Lucas e Carlos, já agora quebrantado por suas falhas e consolando-se
reciprocamente, ainda tiveram que ouvir Jonas despedindo-os com suas sinceras, porém
duras palavras: - Amigo que é amigo não se cala diante de um desafio, mesmo que
alheio. Antes, o amigo ajuda ao outro amigo em suas dificuldades e compartilha para que,
ambos, sejam devidamente aprovados pelas provas que a vida nos reserva; portanto, um
deveria ter ajudado o outro nesta tarefa tão simples... Foi então que Jonas, conhecedor de
algumas particularidades dos seus amigos, disparou: - Enquanto você, Lucas, tentou fugir
do assunto do monólogo, pois lhe trazia lembranças amargas, não procurando ajuda de
Carlos, você, Carlos, por sua vez pensou apenas em si e esqueceu-se de que Lucas
precisava ser curado e, com certeza precisava de sua ajuda, num momento tão oportuno.

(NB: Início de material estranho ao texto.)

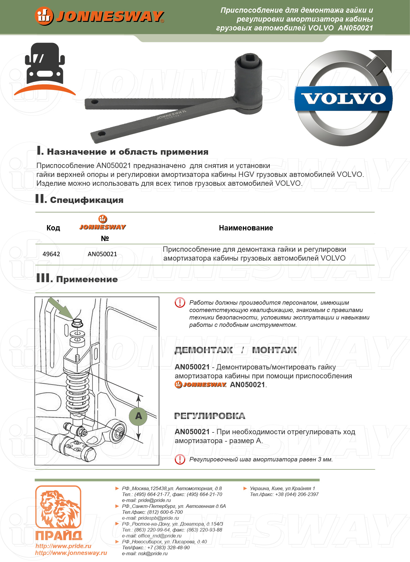 Инструменты и приспособления специального назначения производства компании JONNESWAY® ENTERPRISE CO., LTD., по уровню исполнения относятся к изделиям класса PROFESSIONAL, применяется для производства работ по сборке, ремонту и обслуживания продукции машиностроения, строго персоналом, имеющим соответствующую квалификацию, знакомым с правилами техники безопасности, условиями эксплуатации и навыками работы со специальным инструментом и приспособлениями.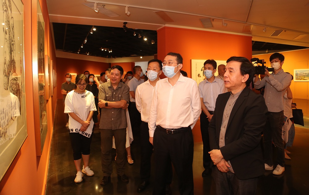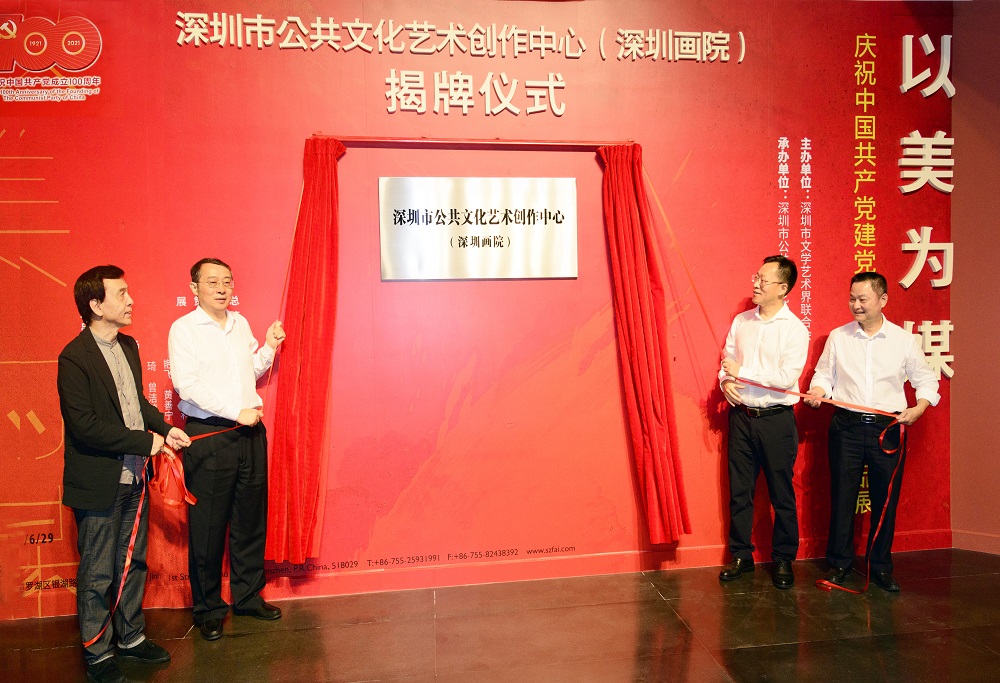 8月27日,筆架山北,銀湖水畔,滿山翠微掩映下的金湖一街36號(hào)格外熱鬧。深圳市公共文化藝術(shù)創(chuàng)作中心(深圳畫院)揭牌儀式在深圳畫院美術(shù)館舉行,深圳市委常委、宣傳部部長(zhǎng)王強(qiáng),市委宣傳部常務(wù)副部長(zhǎng)陳金海,市文聯(lián)黨組書記、主席梁宇,市委黨史學(xué)習(xí)教育第五巡回指導(dǎo)組組長(zhǎng)楊威共同為中心揭牌,并參觀了“以美為媒——慶祝中國(guó)共產(chǎn)黨建黨100周年藝術(shù)作品展”。
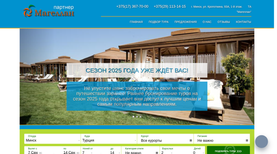 | SEO-описание | Магеллан работает с 2007г. Акции на раннее бронирование от более чем 10 операторов. Tez Tour, Coral Travel, TUI, Anex Tour, Pegas, Аэробелервис, Пляжные направления, горящие туры. Ждем Вас в офисе! |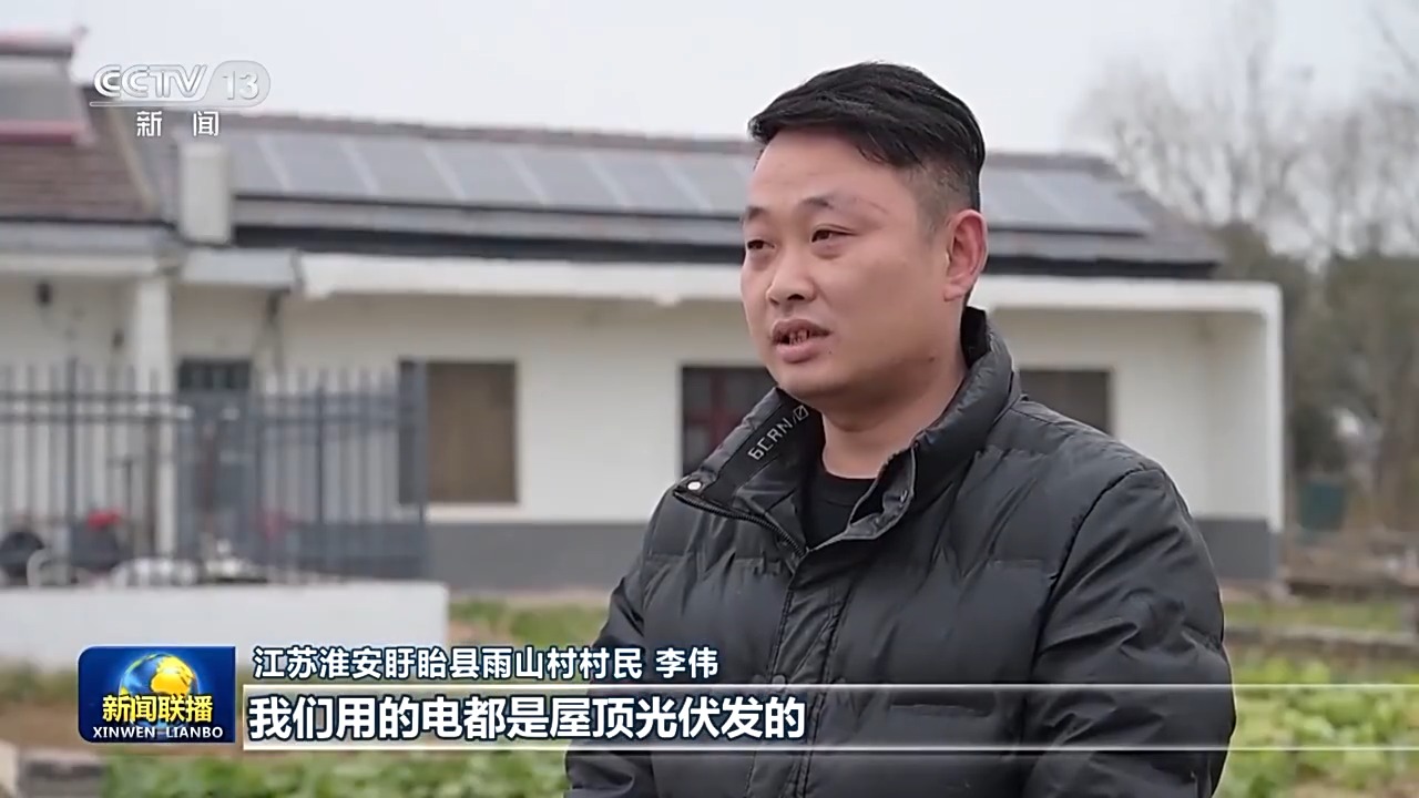 江蘇淮安盱眙縣雨山村村民 李偉:我們用的電都是屋頂光伏發(fā)的,不僅家里可以用,還能給電動(dòng)汽車充電。綠色環(huán)保,還能帶來收益。

Resta apenas lhes dizer que, o maior desafio que lhes propus foi fazer com que ambos
sejam, verdadeiramente, amigos. A vida não foi feita para ser vivida a sós. Para isso
existem os amigos.
Moral da história: A vida têm seus objetivos e não devemos pensar que vamos
ter, no fim de tudo, um álibi para a inocência, pois ela já haverá deixado de existir.